Neuroimaging refers to the set of techniques used to visualize brain structure and function, including magnetic resonance imaging (MRI), functional MRI (fMRI), positron emission tomography (PET), magnetoencephalography (MEG), eeg, and optical imaging methods. These techniques provide complementary windows into brain organization across spatial scales from whole-brain networks to cortical columns and temporal scales from milliseconds to hours.

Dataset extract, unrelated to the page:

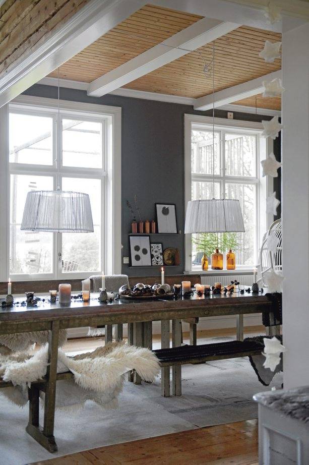 Ильва увлекается оригами, и многие елочные игрушки сделаны с использование секретов этого чудесного искусства. Также семья Шарп очень любит использовать в декорировании дома природные элементы — все то, что дарит окружающий их лес: еловые ветви, фактурные коряги, шишки сосны… На праздники в доме всегда много народа. Дружной компанией все отправляются кататься на коньках на озере Сильян или осваивать окрестные лыжные склоны, а вечера посвящены совместному творчеству и веселым играм.

Structural neuroimaging with MRI and diffusion tensor imaging reveals brain anatomy, white matter connectivity, and pathological changes, while functional techniques like fMRI and PET map hemodynamic correlates of neural activity during task performance or at rest. Electrophysiological imaging with EEG and MEG captures the temporal dynamics of neural processing with millisecond resolution, and source localization algorithms estimate the spatial origins of measured signals.
Advances in neuroimaging technology and analysis methods continue to refine our understanding of brain organization and disease. Multi-modal imaging that combines complementary techniques, high-field MRI providing sub-millimeter resolution, and machine learning approaches to image analysis are pushing the boundaries of what can be measured non-invasively. Neuroimaging plays a critical role in neurotechnology development by guiding surgical targeting, validating stimulation effects, and providing ground truth for neural-interfaces design.